Seton Hall basketball player is also a law student
A basketball player for the Seton Hall Pirates is also a 1L at the university’s law school.
The player, Braeden Anderson, shifted his focus from a possible career in the NBA when he broke his neck in a 2013 car accident, the New York Times reports. Now he is placing more emphasis on academics and hopes to work as a corporate lawyer.
Anderson graduated from Fresno State in three years, using two years of eligibility before this season. He is playing under the National Collegiate Athletic Association’s graduate transfer rule, which allows players with remaining eligibility to transfer with immediate eligibility when seeking a graduate degree in a major not offered by the current school.
A scholarship covers Anderson’s $50,000 law school tuition.

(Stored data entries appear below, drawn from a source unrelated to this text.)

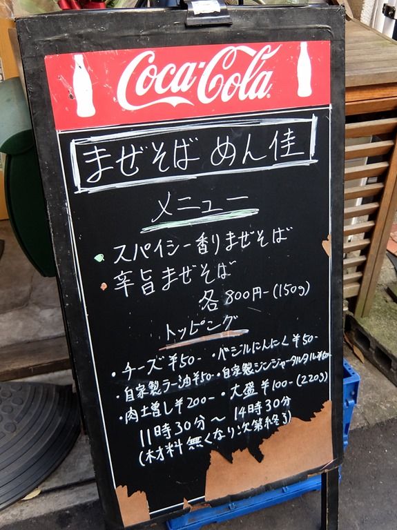 店頭「まぜそば めん佳」のスタンド看板が目印で、よく目立ちます。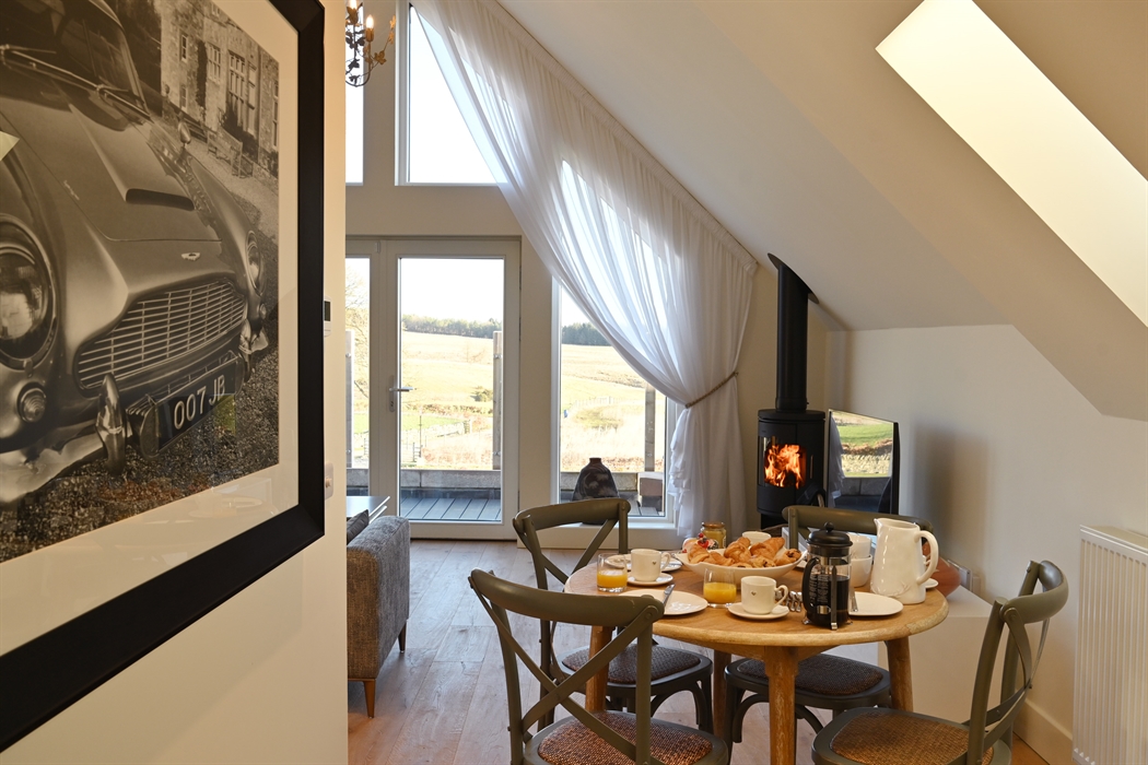 The open-plan living area is upstairs, on the first floor, and has wonderful views over the pretty Perthshire countryside. Patio doors lead out to a wooden terrace with two short flights of stairs to ground level. The stylish kitchen is fully equipped with all modern conveniences including a double oven and an induction hob. There’s also a dining table for four and comfortable sofas for relaxing and watching TV.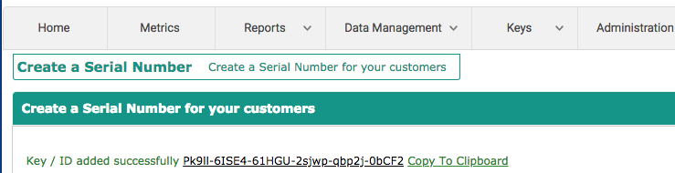•Click on Copy to Clipboard to copy the key into the clipboard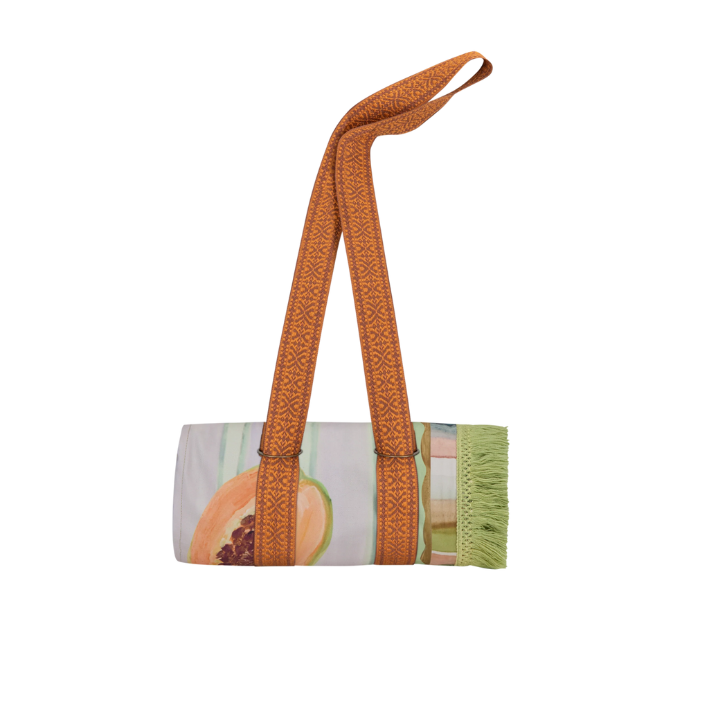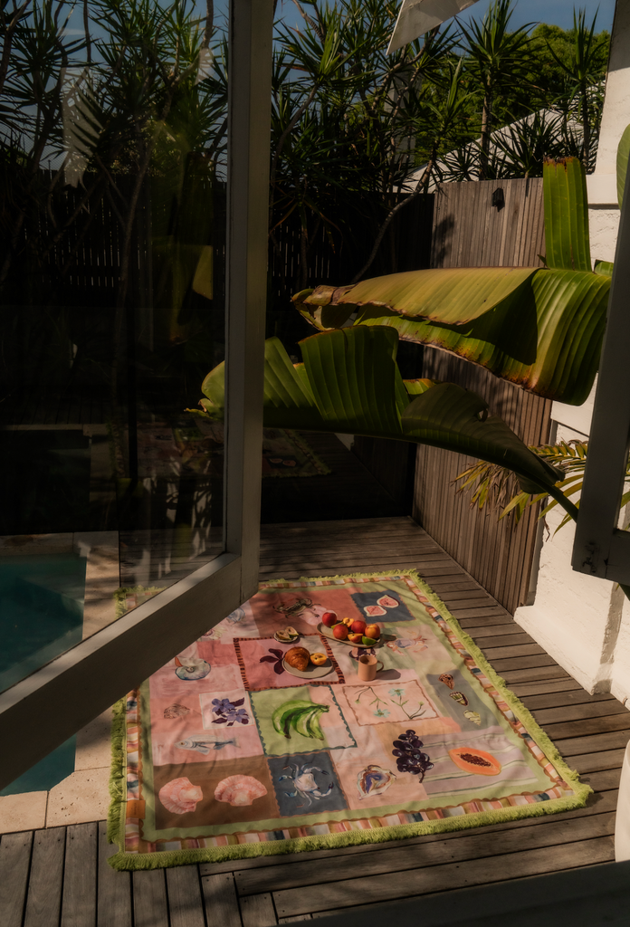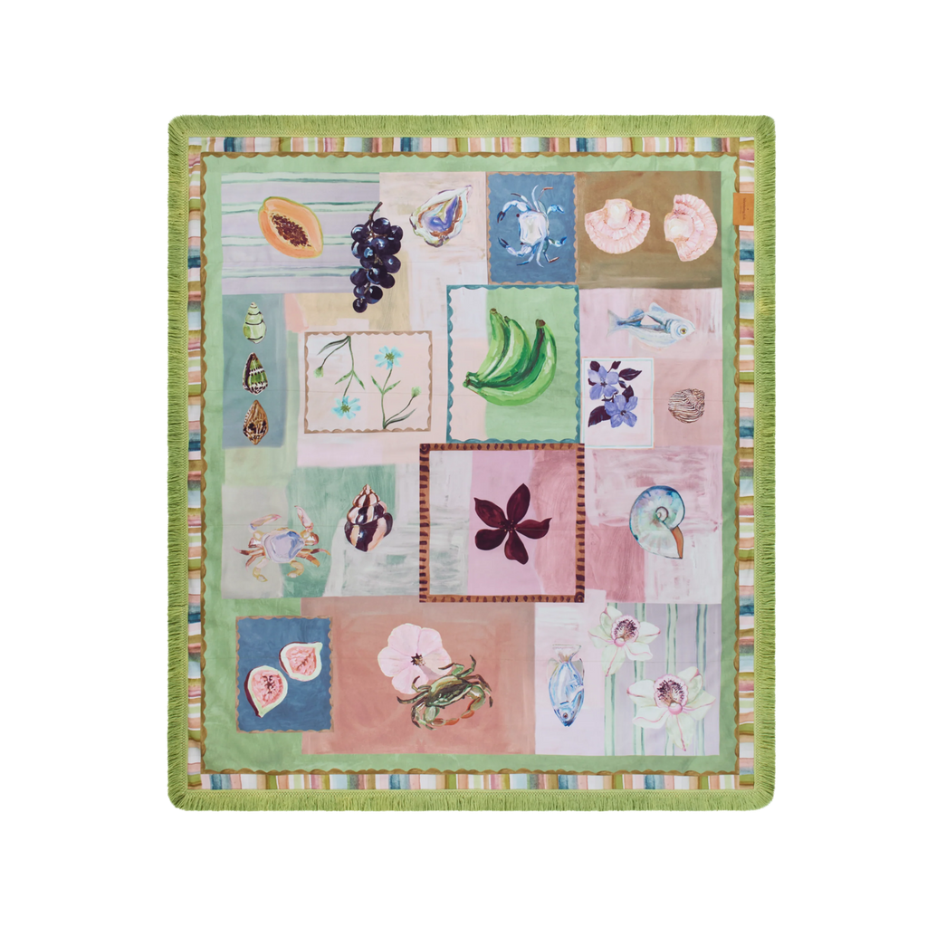 The Patchwork Sea Picnic Rug, is part of our Artist Series, featuring Annie Everingham’s hand-painted artwork. Painterly pastels and expressive brushstrokes capture the quiet magic of the seaside — shells, fruits, and tropical orchid motifs are thoughtfully patchworked together to create this dreamy coastal print.

Anderson told the Times he sought refuge in basketball during high school in Canada because of an unstable home life, and transferred to a religious school in the United States in search of better opportunity. A broadcast investigation later alleged Anderson and other players were misled by a coach who created a bogus school with a name similar to that of a nearby school. Recruited by Kansas, he was ruled academically ineligible because of the findings.
Anderson decided to attend Fresno State. After the 2013 accident in a teammate’s truck, he underwent four major operations during a rehabilitation took nine months.
“I realized that people are governed by this narrow-minded vision of what they think people can do,” Anderson told the Times. “I’ve learned to shatter those boundaries.”